Thursday, October 8, 2015

Anti-war (2008)

Book Review from the November 2008 issue of the Socialist Standard

Our Country Right or Wrong. By William Morris. Edited by Florence Boos. William Morris Society, 2008. 95 pages. £7.50.

Before he became a socialist in 1883, Morris had been a Liberal, towards the end on its Radical wing. As such he was in favour of trade unions, reforms to help the working class and a non-aggressive foreign policy. As this is the text of a talk given in January 1880 he was then still a Liberal, as can be seen from his praise of Gladstone as “a great statesman” and his raising of the Liberal slogan of the day of “Peace, Retrenchment and Reform” (“retrenchment” being what today would be called “cutting back on government spending”, a policy the modern Liberals have recently re-adopted).

Basically, this is a plea for opposing your country’s foreign policy if it is “wrong”. So, not “my country right or wrong”, but only “my country if it is right”, by which Morris understood anti-imperialist and anti-war. For him, Britain, under the then Tory government of Lord Beaconsfield (Disraeli), was wrong to support Turkey against Russia in the Balkans, to attack the Zulus in South Africa and to invade Afghanistan (which ended in disaster).

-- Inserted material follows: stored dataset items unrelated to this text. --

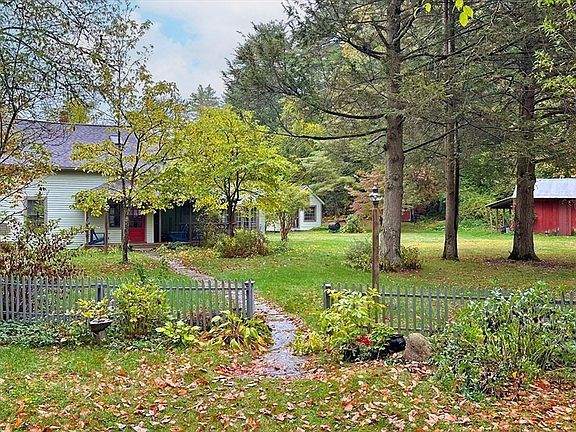 Antique warmth meets state of the art systems. The front of this house is a post and beam antique with a beautiful stone fireplace that has a recent wood insert, sitting room, Living room and dining room with two bedrooms and a bath upstairs. The framed addition in rear has a modern kitchen and bath and master bedroom upstairs. Both baths have been recently updated as has the kitchen. Very recent post and beam garage has storage and solar panels on roof that supplement panels placed at edge of field earlier. Basement has newer Buderus boiler, hybrid hot water heater and a battery storage system to supply the house when power goes out that has its own subpanel to critical house services like heat, water, fridge and lights. Screened porch off the kitchen is mahogany, patio outside dining room is Goshen Stone. Two more outbuildings have potential for horses and guest cottage. Meadow of over an acre is an opportunity for equestrian use. Swift River reservation land is across the street.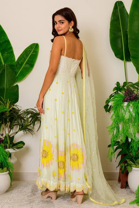 Milky green silk anarkali with sequin and beads floral embroidered motifs. Comes with pants and dupatta.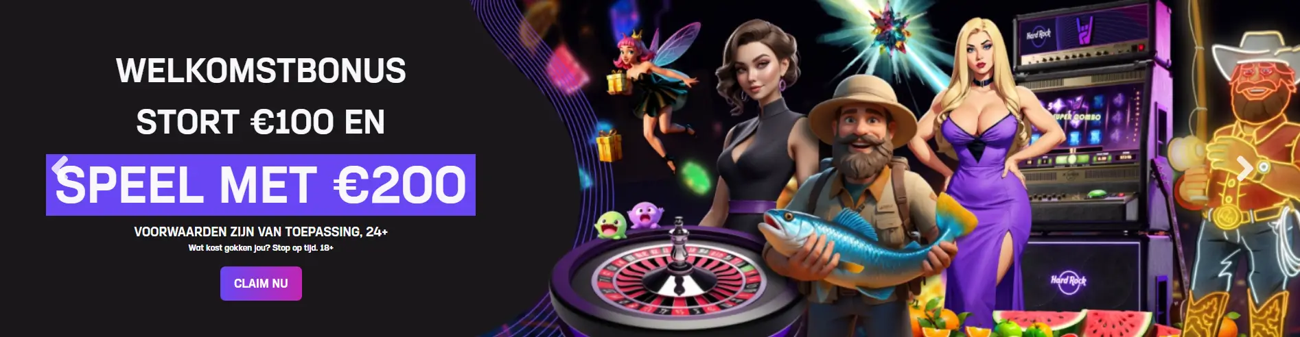 Nieuwe spelers kunnen kiezen uit drie bonussen: een stortingsbonus van 100% tot € 250 (30x rondspeelvereiste), 250 free spins na een inzet van € 25 (25x rondspeelvereiste), of een live casino voucher van € 20 zonder enige rondspeelvoorwaarden na een inzet van € 20 op geselecteerde live spellen.
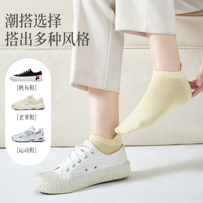 船袜女夏季 网眼运动吸汗透气低帮浅口提耳隐形袜女士白色短袜 薄款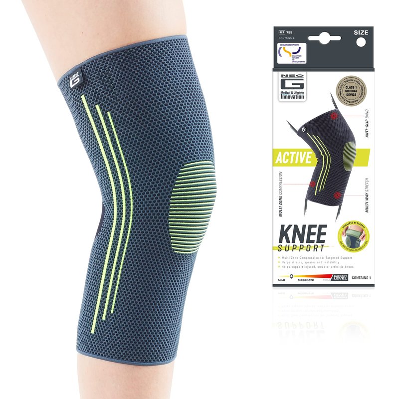 The Neo G Active Knee Support provides a snug, yet flexible fit, helping warm muscles and support the knee during sporting and occupational activities. The Multi Zone Compression surrounds muscles and joints for targeted support and the multi-way stretch allows flexible and safe movement, providing comfortable support and reducing the likelihood of injury. The specialist breathable fabric helps control moisture during intense activities, whilst the slimline, lightweight design means it can easily be worn under clothes for everyday wear and the anti-slip top band is great at helping reduce slipping whilst on the move. The Neo G Active Knee Support fits the left or right knee and is unisex. Helps strains, sprains and instability and helps support injured, weak or arthritic knees. Ideal for sports training and rehabilitation of sporting and occupational injuries whilst also helping reduce the likelihood of re-injury.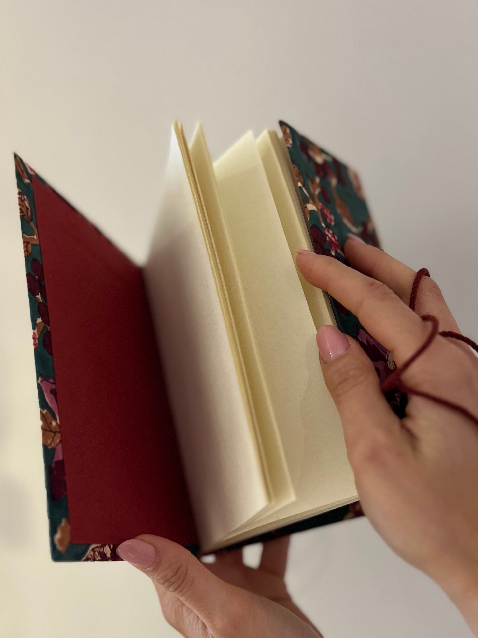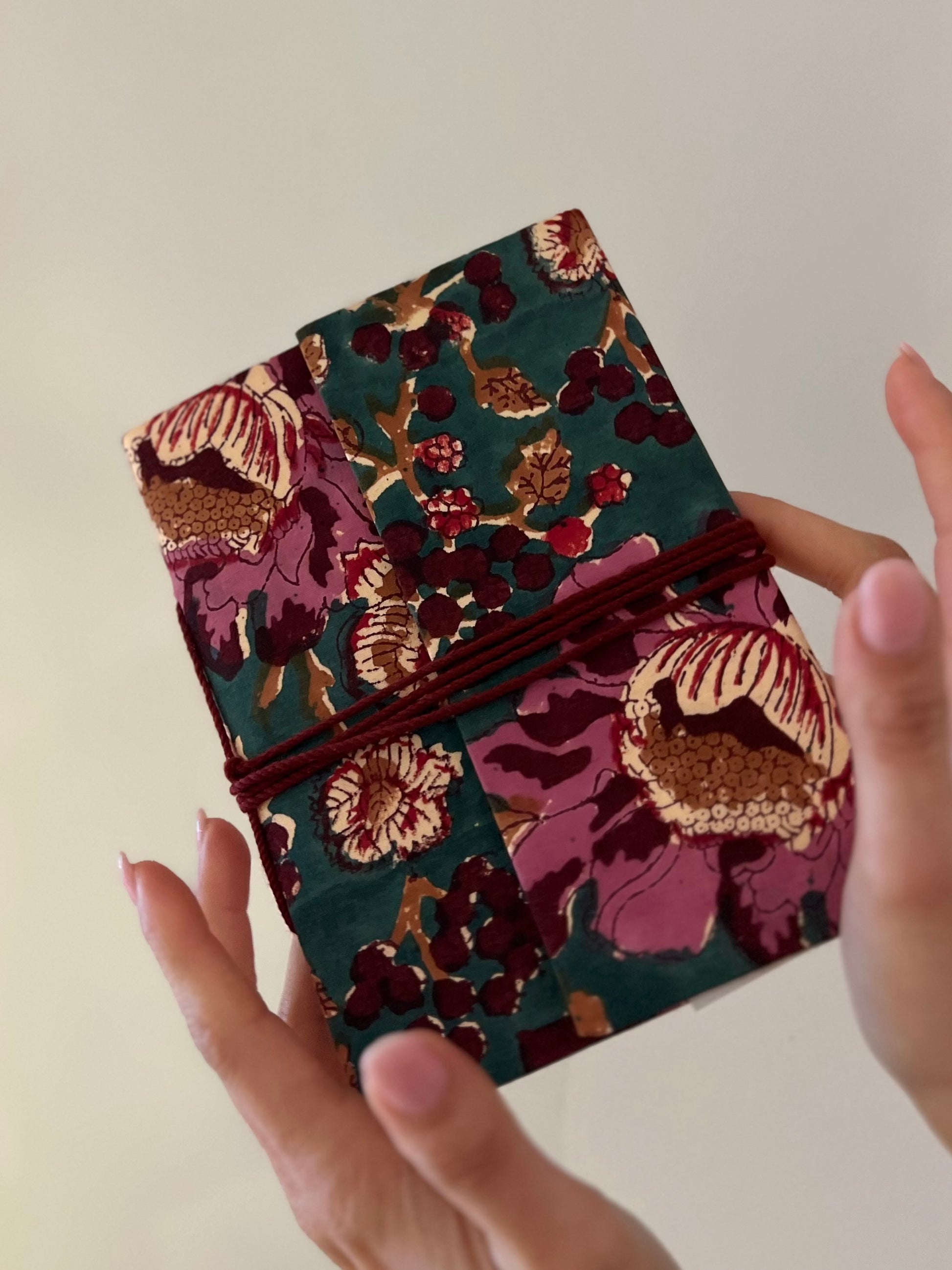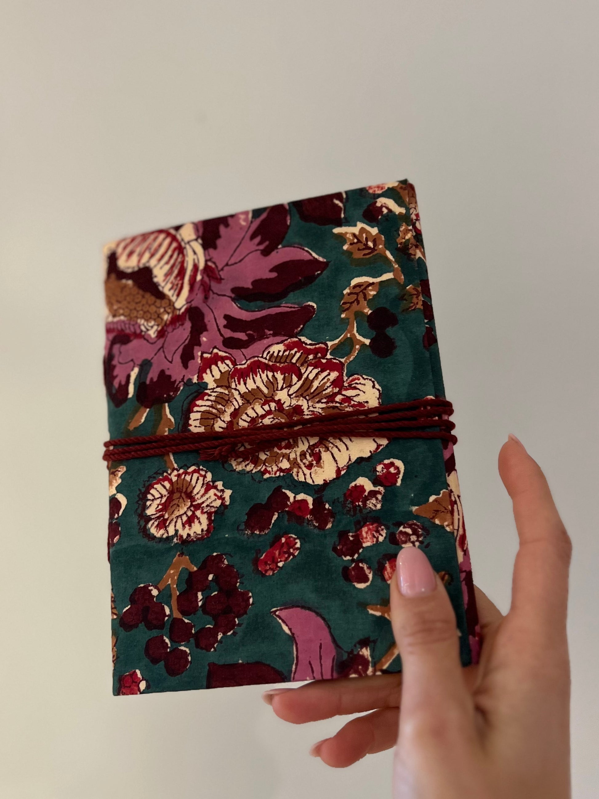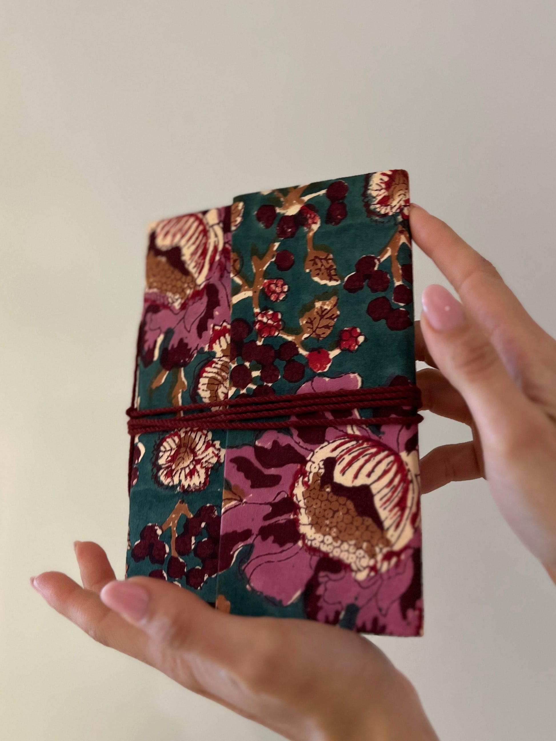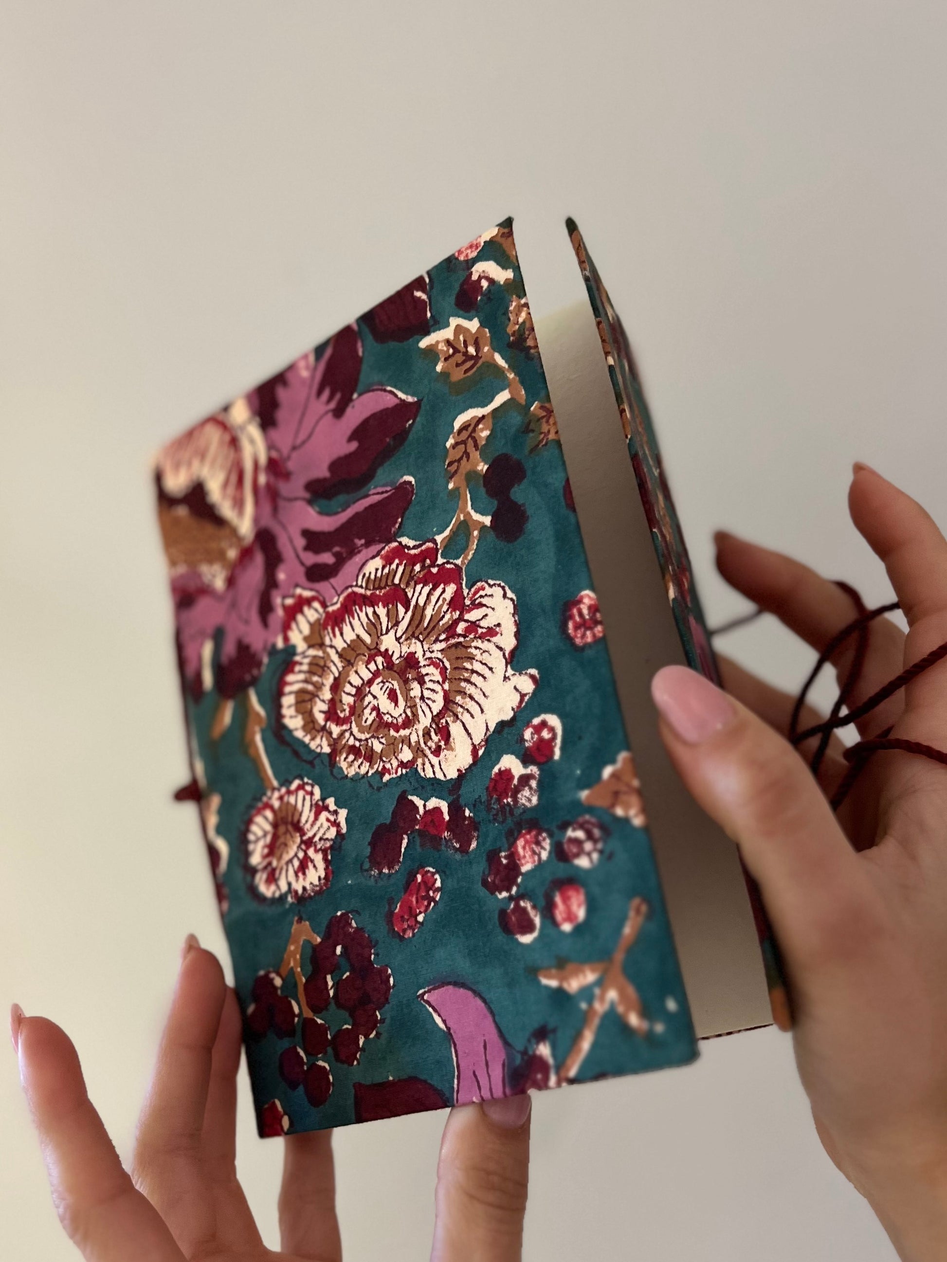 Il rivestimento in tessuto stampato a blocchi di legno, realizzato artigianalmente in India, conferisce un tocco di calore, unicità e poesia ad ogni pezzo. Si chiude con un delicato laccio in cotone, per proteggere i tuoi pensieri più preziosi.

Incidentally, in saying that Britain should oppose Turkey (because of its massacre of Christians) Morris was taking up the exact opposite position to that taken by Marx (who thought Turkey should be supported against Russia), not that Marx is a model to be followed here.

Later, after he had become a socialist (partly from disillusionment with the Gladstone Liberal government that came to power later in 1880), Morris argued that war and imperialist adventures could not be avoided by a change of foreign policy – a moral or ethical foreign policy was impossible under capitalism, a lesson the “Stop the War” movement of today has yet to learn.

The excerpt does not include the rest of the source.